It will be most interesting to see how the CNSX proposal unfolds. Will it be strictly a new issue market – for instance, if you bid 2.55% for a five year GIC and somebody hits you, will you get a brand new GIC with a 2.55% coupon? Probably not, since that would restrict the sellers to issuers only. Perhaps there will be conversion formulas and such, so that when you get hit on your 2.55% bid, you get whatever the seller wants to deliver … a higher (lower) coupon with a lower (higher) price. In such a case, I will be fascinated to see whether the brokerages start showing account statments with the price of the GIC marked to market.

However, PPNs might be the securities in question:

Treatment of Deposit Products

SSI commented that clarification is required to address the treatment of deposit products held in dealer client accounts, such as Guaranteed Investment Certificates (“GICs”) or Principal Protected Notes (“PPNs”) and asked how accrued interest is to be addressed in determining market values.

MFDA Response

The market value of GICs should be reported as the principle amount plus accrued interest earned as at the end of the account statement period.

With respect to reporting the value of PPNs, certain PPNs have market values that are available on FundSERV. However, for PPNs that do not have a reliable market value, the book value should be reported.

Political manoeuvering over the Volcker Rule was mentioned briefly on November 4. Jim Hamilton’s World of Securities Regulation has more details and supporting documentation, and a post detailing support for the Rule. There is also some reason to hope that US Covered Bonds will be forthcoming.

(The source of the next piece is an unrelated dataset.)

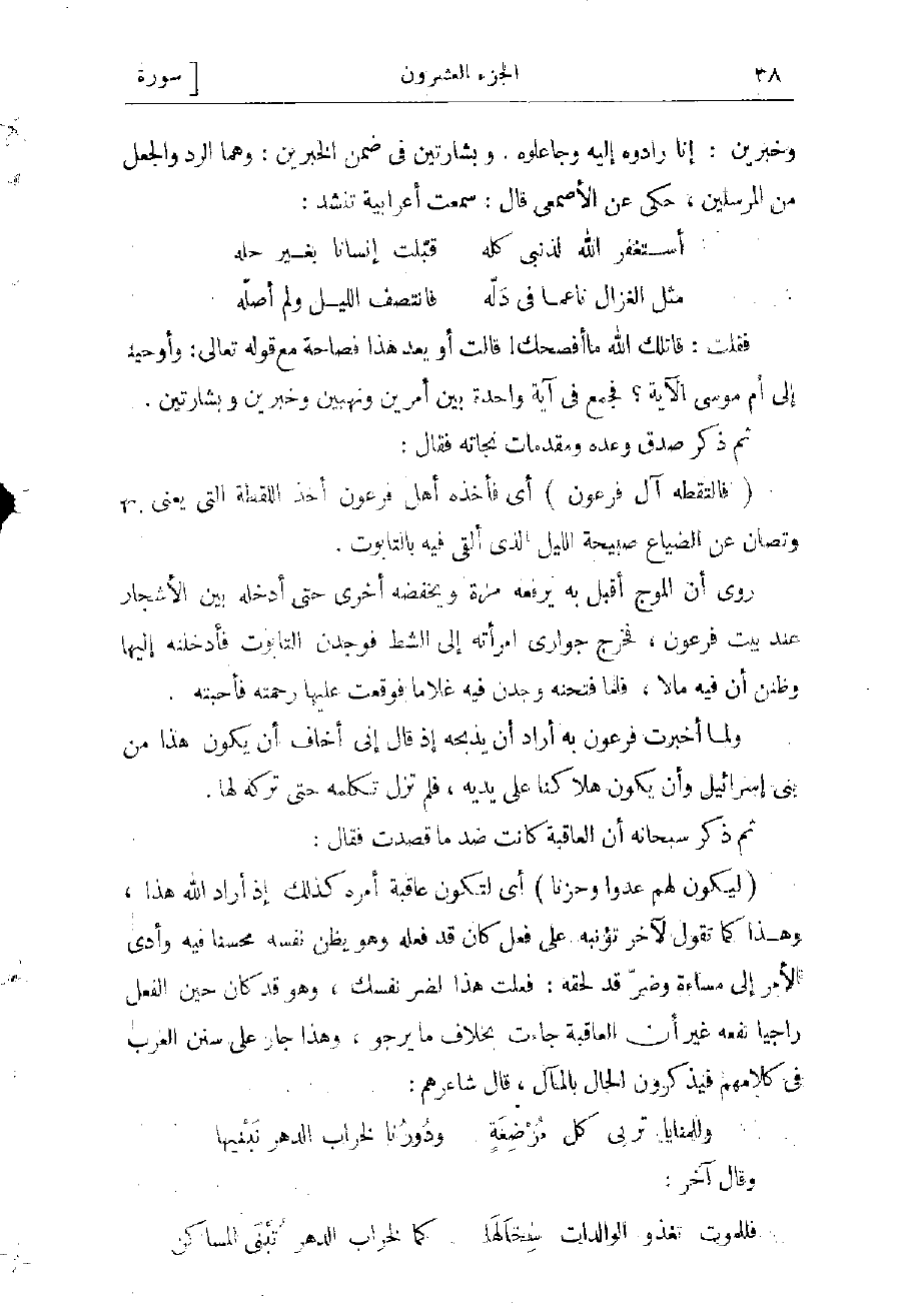 فقلت: قاتلك الله ما أفصحك! قالت أو يعد هذا فصاحة مع قوله تعالى: (وَأَوْحَيْنا إِلى أُمِّ مُوسى) الآية؟ فجمع فى آية واحدة بين أمرين ونهيين وخبرين وبشارتين.

Pam Martens writes an entertaining, if paranoid, account of the Flash Crash titled The “Flash Crash” Cover-Up:

The official report does not break out the wealth destruction to the small investor on May 6, but Ms. Schapiro shared that information on September 7 with the Economic Club of New York: “A staggering total of more than $2 billion in individual investor stop loss orders is estimated to have been triggered during the half hour between 2:30 and 3 p.m. on May 6. As a hypothetical illustration, if each of those orders were executed at a very conservative estimate of 10 per cent less than the closing price, then those individual investors suffered losses of more than $200 million compared to the closing price on that day.”

A stop-loss order is the dull Boy Scout knife with which the small investor attempts to protect himself from the star wars gang. It is an order placed with an unlimited time frame that sits in the system and says if my stock trades down to this level, sell me out. Unfortunately, most of these orders are placed as market orders rather than indicating a specific “limit” price that the investor will accept. (That alternative order is called a stop-loss limit order.) Stop-loss market orders go off on the next tick after the designated price is reached. In a liquid and orderly market, that should be only a fraction away from the last trade. On the day of the Flash Crash during that pivotal half hour, the next tick was frequently 10 to 60 per cent away from the last trade.

The SEC has banned stub-quotes:

The new rules address the problem of stub quotes by requiring market makers in exchange-listed equities to maintain continuous two-sided quotations during regular market hours that are within a certain percentage band of the national best bid and offer (NBBO). The band would vary based on different criteria:

  • For securities subject to the circuit breaker pilot program approved this past summer, market makers must enter quotes that are not more than 8% away from the NBBO.
  • For the periods near the opening and closing where the circuit breakers are not applicable, that is before 9:45 a.m. and after 3:35 p.m., market makers in these securities must enter quotes no further than 20% away from the NBBO.
  • For exchange-listed equities that are not included in the circuit breaker pilot program, market makers must enter quotes that are no more than 30% away from the NBBO.
  • In each of these cases, a market maker’s quote will be allowed to “drift” an additional 1.5% away from the NBBO before a new quote within the applicable band must be entered.

The new market maker quoting requirements will become effective on Dec. 6, 2010.

For the life of me, I don’t understand why the exchanges and the SEC ever permitted stub quotes in the first place. Market Makers get special privileges – from the SEC’s perspective, exemptions from the various short-sale rules – so why were they allowed to pay for them with debased coin?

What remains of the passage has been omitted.